According to another preferred embodiment, the cereal food product is supplemented with essential cations, such as magnesium, iron, zinc, calcium, cobalt, molybdenum, manganese, chromium, copper or combinations thereof. Grains can contain large amounts of phytates. Grains supplemented with essential cations are not always effective essential cation delivery vehicles for the person who eats the grain, as the essential cations may bind to the endogenous phytate contained in the grain. In the cereals according to the invention, the availability of the added essential cations is ensured by the presence of phytase.

The phytase may be present in solid or liquid form as described above. The desired amount of phytase is then added to the grain.

Cereal food products are attractive delivery vehicles for phytase. Adding active phytase, preferably at the end of the processing of the grain, is a means of delivering enough phytase to the intestinal tract to act after the grain is eaten with a meal. Cereal food products are therefore also attractive vehicles for the delivery of phytase to reduce the phytate delivered by other components in the food matrix in addition to the phytate present in the grain itself, and thus increase the phytase from the whole food. Mineral bioavailability of minerals present in the matrix.
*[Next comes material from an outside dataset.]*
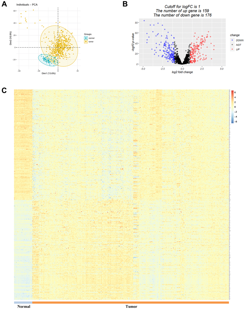 A total of 2093 TRGs were acquired from TelNet. The expression of these genes was compared between TCGA-LUAD tumor tissues and normal controls. PCA plot showed discrete scatter points of the two groups (Figure 1A). Among the 2093 TRGs, 335 were significantly differentially expressed in LUAD (|logFC| >1 and adjusted P value < 0.01). Among these, 159 were up-regulated and 176 were down-regulated (Figure 1B). The detailed expression information of the 2093 TRGs were available in Supplementary Table 1 and Figure 1C.

The present invention further relates to soymilk comprising active phytase. This means that soymilk contains phytase at a concentration between 500 and 20,000 FTU/kg, preferably between 1,000 and 10,000 FTU/kg, most preferably between 2,000 and 5,000 FTU/kg at the end of the processing to which it has been processed between. We have surprisingly found that phytase activity is very stable in this type of food product, even after pasteurization. Soy milk is defined as a mixture of solids and water from soybeans. This can be prepared by direct aqueous extraction of processed soybeans. Alternatively, soybeans may be first isolated, for example, to obtain soybean meal or partially purified soybean protein isolates, which are then mixed with water to obtain soybean milk. Several additives can further be added to this milk, such as sources of calcium and phosphate, flavoring compounds, salt, sugar, etc. The book Soybean Utilization (Snyder HE and Kwon TW, Van Nostrand Reinhold Comp, New York, 1987) describes various methods of preparing soybean isolates and soymilk. According to another preferred embodiment, the soymilk is supplemented with essential cations, such as magnesium, iron, zinc, calcium, cobalt, molybdenum, manganese, chromium, copper or combinations thereof. In this way, the availability of the necessary cations added is ensured by the presence of phytase.

Phytase may be present in solid or liquid form as described above. The desired amount of phytase can be added to the soymilk at the beginning of its processing, or it can be added subsequently to the soymilk at the end of processing.

Contrary to cow's milk, soy milk contains high levels of phytates. Adding active phytase, preferably at the beginning of the processing of soymilk, is a way to reduce its phytate content. Also, when soy milk is consumed with a phytate-rich meal, there will be enough phytase to work in the gut. Soymilk is therefore also an attractive delivery vehicle for phytase to reduce phytate delivered by other components in the food matrix and thus increase mineral bioavailability of minerals present throughout the food matrix. The addition of active phytase, preferably at the end of the processing of the soymilk, is a means of delivering phytate to reduce the delivery of phytate by other ingredients in the food matrix and thus increase the mineral bioavailability of the minerals present throughout the food matrix. method of utilization.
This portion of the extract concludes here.